New school: JHS transitions to online learning
In Jamestown High School Principal Adam Gehlhar's words the transition to online learning has been "inspiring."
"It's definitely been a learning experience for all of us," Gehlhar said. "We're going to keep getting better but I think from where we were four weeks ago to where we are now this is an experience that is making us better as a team and better as an organization to respond to these kinds of things. We're going to keep learning throughout the process and get better tomorrow than we were today."
It's all because of a global health pandemic.

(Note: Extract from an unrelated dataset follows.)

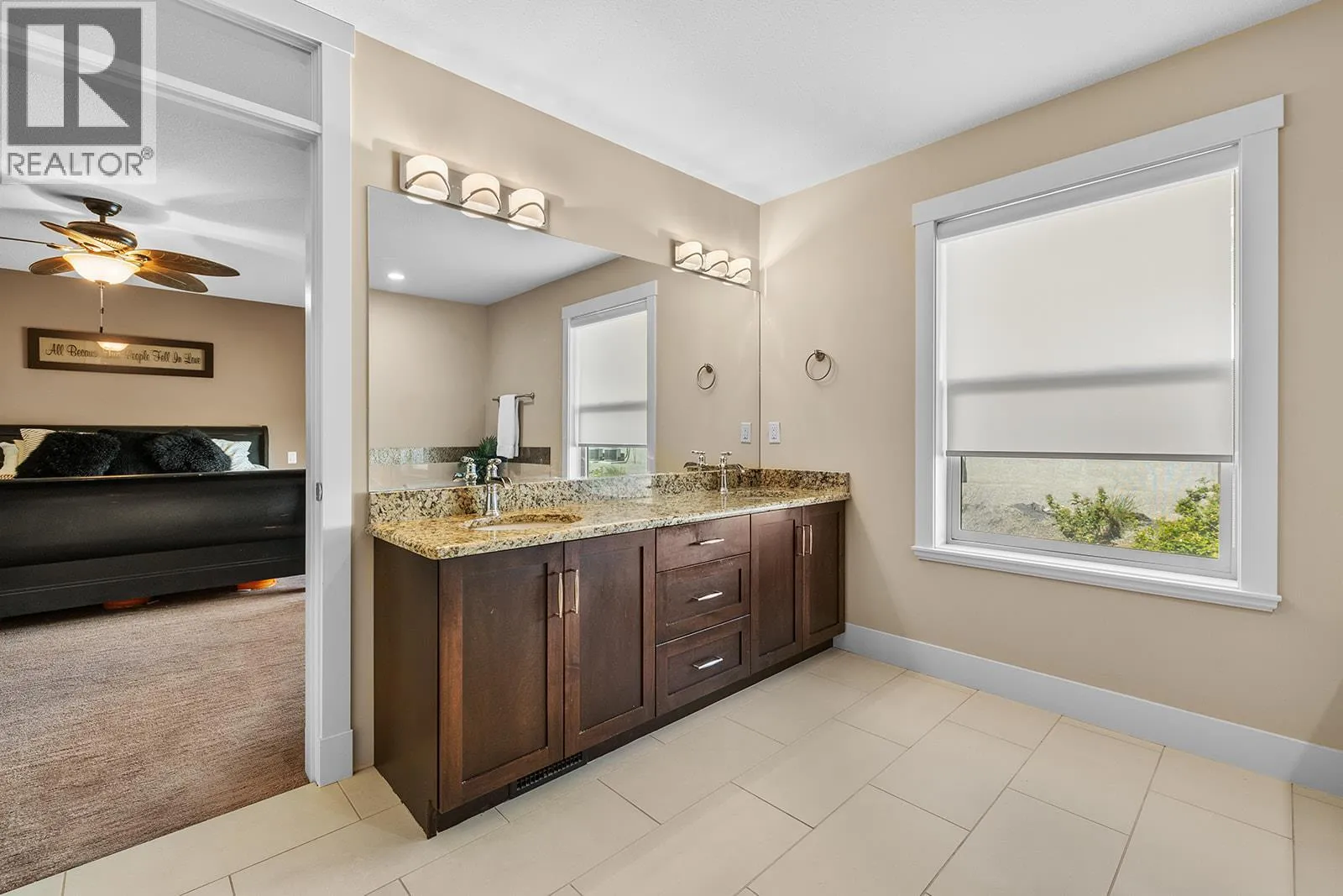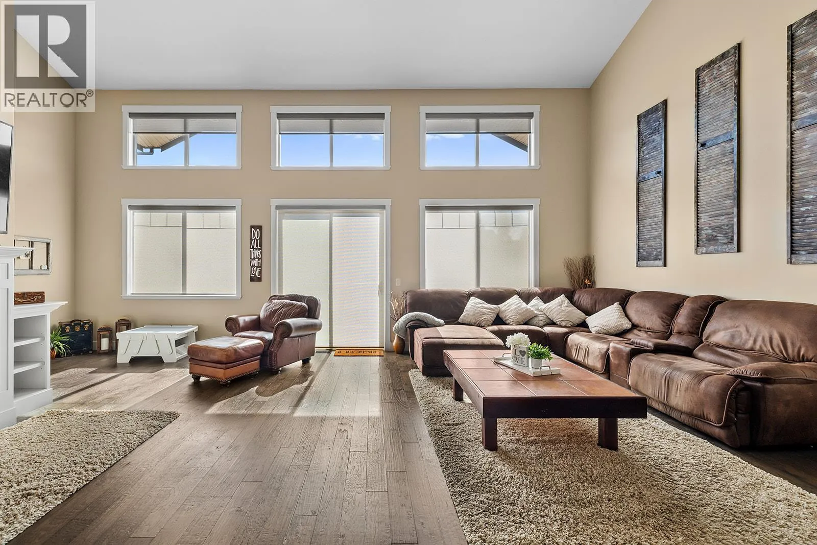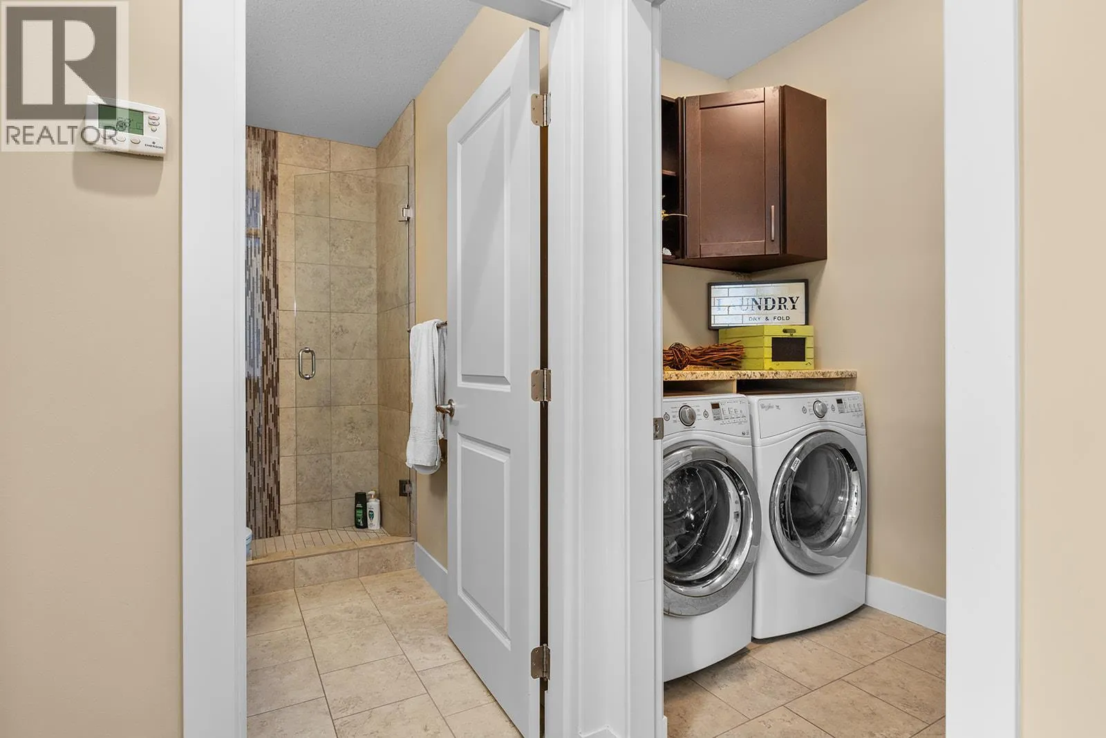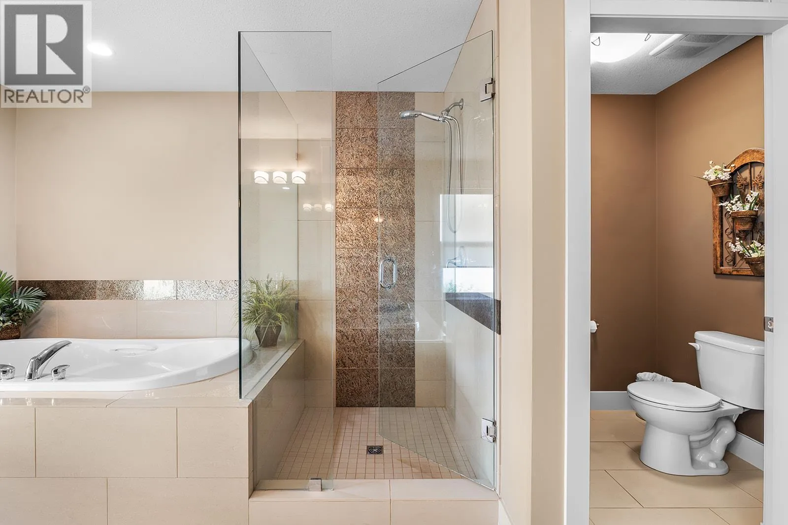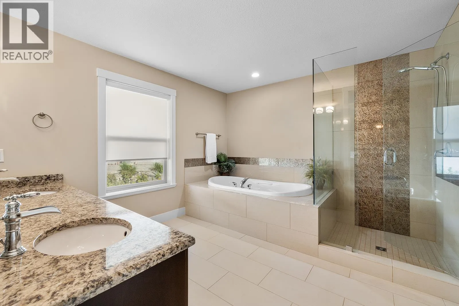 Welcome to one of the largest units in Tesoro Arca. This former show home is highlighted by its immense, heated RV garage, nearly 50 feet long with 14-foot ceilings. This space for all your toys features epoxy flooring, a 30-amp RV plug-in, a sani-dump (a rare find!), RV water hookup, a dedicated workshop, a full bathroom, and a mezzanine perfect for a home office or man cave. Inside, youâll find an elevator providing convenient access to all three levels. The main living area is defined with high vaulted ceilings, engineered hardwood flooring, and a cozy gas fireplace. The expansive deck, complete with water, gas, and hot tub wiring, extends your total living space. The kitchen, wider than most in the complex, boasts a large island with bar seating, soft-close cabinetry, granite countertops, stainless steel appliances, and a walk-in pantry. The main floor also includes a bedroom, full bathroom, and a dedicated laundry room. Ascend to the private and spacious primary suite, where you'll find a walk-in closet and an elegant ensuite featuring granite countertops, dual sinks, a water closet, heated floors, and a tiled walk-in shower. With ample storage throughout, a prepaid lease, and no Property Transfer Tax, this wider unit is a rare opportunity to own one of Tesoro Arca's most spacious homes, perfect for parking your 45-foot RV or boat. Enjoy the convenience of being just minutes from shopping, Two Eagles Golf Course, and the shores of Okanagan Lake. (id:27476)

Due to the coronavirus pandemic, North Dakota Gov. Doug Burgum mandated the closure of all schools until at least April 1. Jamestown High School was proactive in submitting a distance learning plan to the state for approval. JHS implemented the online, distance learning program beginning on March 23.
"It's providing some really neat learning opportunities for project-based learning and doing things independently on their own," said Caroline Thompson a JHS instructional coach. "It's going to help them be very independent thinkers and learners and take initiative on their own - for their studies in their knowledge. It is probably giving them a lot of development in the area of managing their time."
The staff created a daily block schedule to assist students with work. The blocks are scheduled from 10 a.m. to noon and from 1 to 3 p.m. During this time teachers can hold classroom meetings or one on one communication with a student. Classwork is released during the block meetings and students are typically given at least a few days to complete assignments.
"We've always tried to integrate technology in class whenever possible but we're really stretching ourselves at this point," said Cody Mickelson, a Jamestown High School German teacher. "There's a lot of unknowns right now but so far - I am cautiously optimistic."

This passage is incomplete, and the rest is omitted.